To: North Dakota Legislators 
Dear Sir/Madam:

I am writing in regard to House Bill #1499. We, the sporting dog community, have recently learned from the North Dakota Fish and Game that individuals in North Dakota began this quest to pursue changing the training date for professional dog trainers. It is our sincere opinion that the professional dog trainers who have come north each summer, and have for decades, brought with them the gift of fiscal assistance and long lasting friendships to many rural towns and their inhabitants, are unfairly targeted by this needless legislation.

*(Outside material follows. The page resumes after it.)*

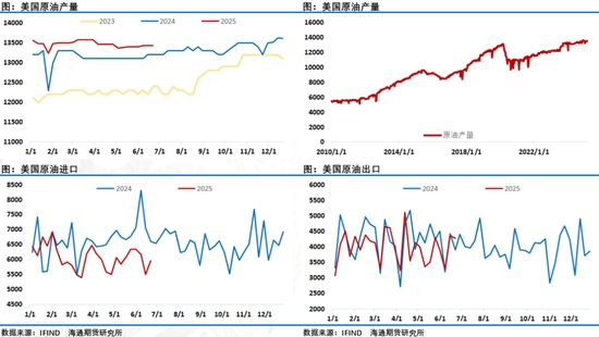 貝克休斯油服數(shù)據(jù)顯示美國鉆探公司連續(xù)第九周削減石油和天然氣鉆機數(shù)量。美國至6月27日當(dāng)周石油鉆井總數(shù) 432口,前值438口,鉆機數(shù)的連續(xù)下降意味著美國原油產(chǎn)量增速將持續(xù)變緩。近期原油產(chǎn)量基本平穩(wěn),最新一期EIA周度報告顯示美國原油產(chǎn)量在1343.50萬桶/日;當(dāng)周原油進口量環(huán)比增加44萬桶/日,出口量環(huán)比減少9.1萬桶/日,凈進口量環(huán)比上升,不過相對來講凈進口量明顯低于去年同期,這正是美國石油庫存下降的主要原因。
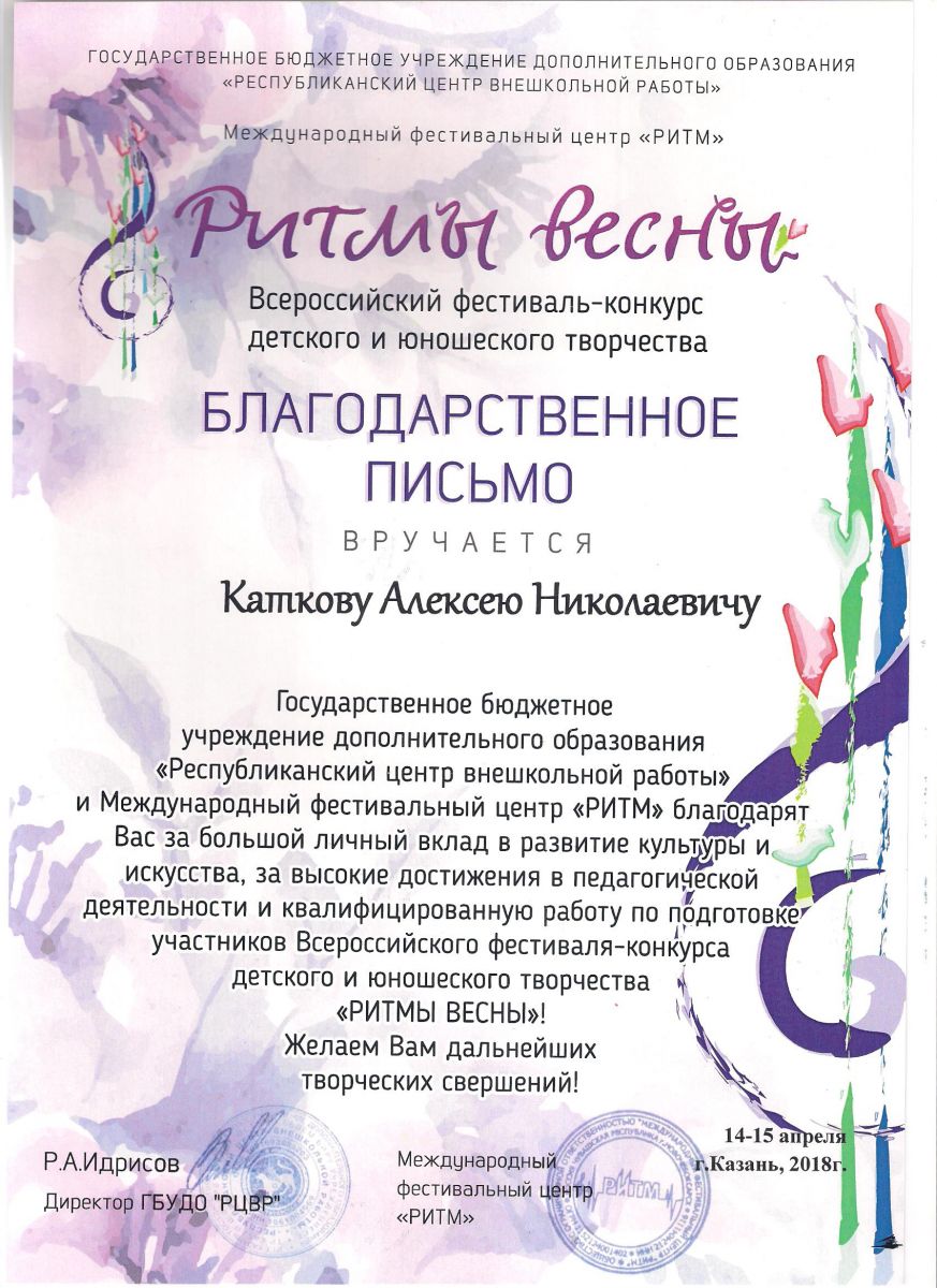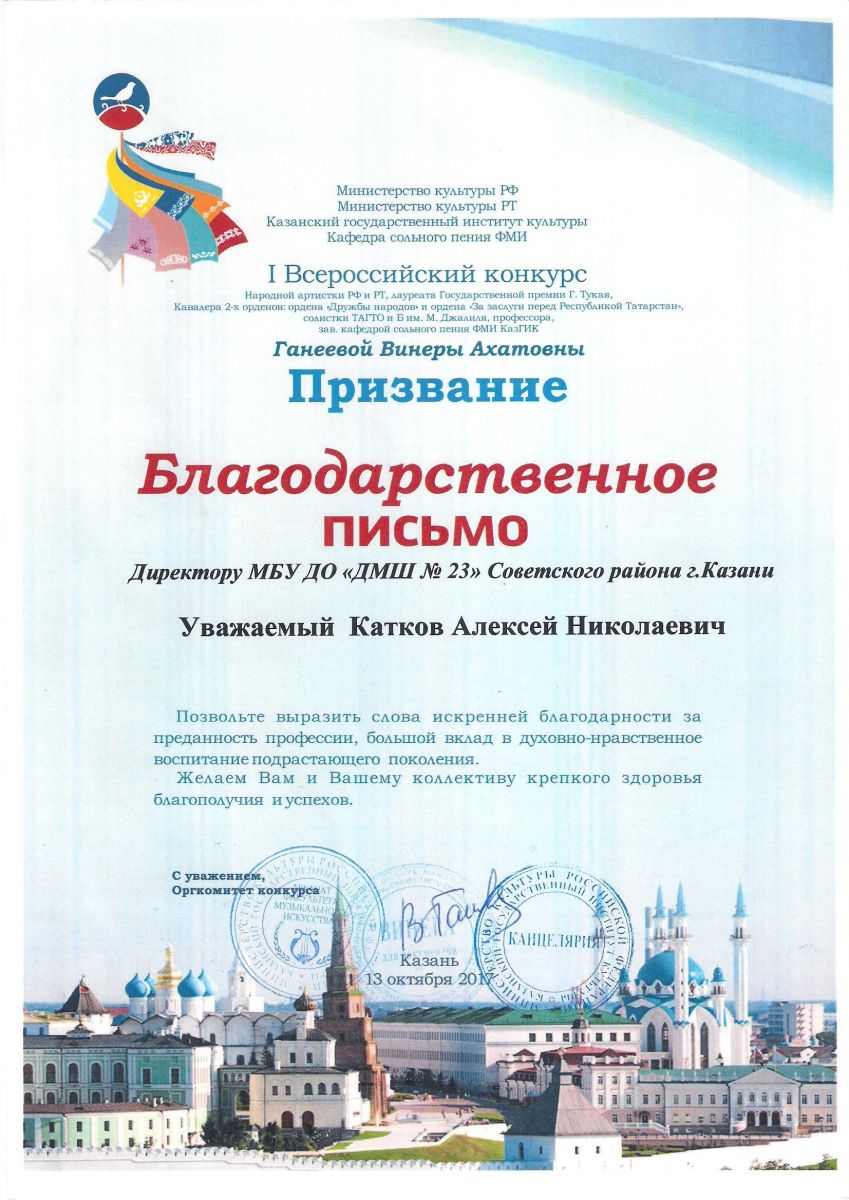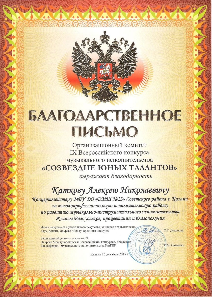 I Всероссийский конкурс "Призвание" - Благодарственное письмо - Катков А.Н.

These dog trainers substantially add to the local economies for the two to three months that they are in residence. Most are gone, returning to their southern environs, by September 15th. They travel thousands of miles each summer, possessed with the sole intention of making progress in the training regimen of their clients' dogs. There is an essential need of a time span of approximately 40 - 60 days, starting after the 4th of July, to make progress with field trial dogs and hunting dogs alike. This time is the single most important training a dog can have in its life! National Champions and many good hunting dogs are made on the prairies of North Dakota. It is imperative to recognize that Professional Dog Trainers do not shoot the birds. It is similar to fishing and utilizing the catch and release method. Maintenance of the resource is paramount to the trainers! More importantly, evidence shows that partridge, grouse and pheasant populations have increased in the state and that these trainers have very little, if any, effect on the birds and their habitats.

The instigator and sponsors, clearly, have misjudged how many lives this legislation would affect. It is not just the trainers; it is the landowners, business owners and dog owners alike, who, yearly, support this sport. It is a sport that depends, profoundly, on the trainers and their relationships with landowners in the north. In North Dakota alone there are approximately 60 licensed professional trainers and the lives that are entwined with theirs are numerous. The effect of this legislation would surely, seriously impact the economies of these small towns!

We, respectfully, request that you consider, seriously, the ramifications of this potential legislation and decide that the cost is entirely too great to enact it. Thank you!

Sincerely,

Sincerely,

The Undersigned

View Current Signatures

--------------------------------------------------------------------------------

The Opposition to ND House Bill 1499 - TNy Petition to North Dakota Legislators was created by and written by Thomas & Shannon Nygard ([email protected]). This petition is hosted here at www.PetitionOnline.com as a public service. There is no endorsement of this petition, express or implied, by Artifice, Inc. or our sponsors. For technical support please use our simple Petition Help form.


----------



## InvaderZim (Sep 7, 2007)

TAK, 

I'm just curious, what are the dates the "man" is proposing? I can't find it anywhere. 

I, for one, find it a good thing to close down certain areas to training during wildlife's critical times. Utah does it. So do most western states.

Just a thought, I didn't sign it until I know.

Caleb


----------



## Theekillerbee (Jan 8, 2009)

Not that I wan't to stir the pot, but if you don't live in, and are a registered voter in NoDak, they won't care what you think, and your name will be pulled from any official petition.


----------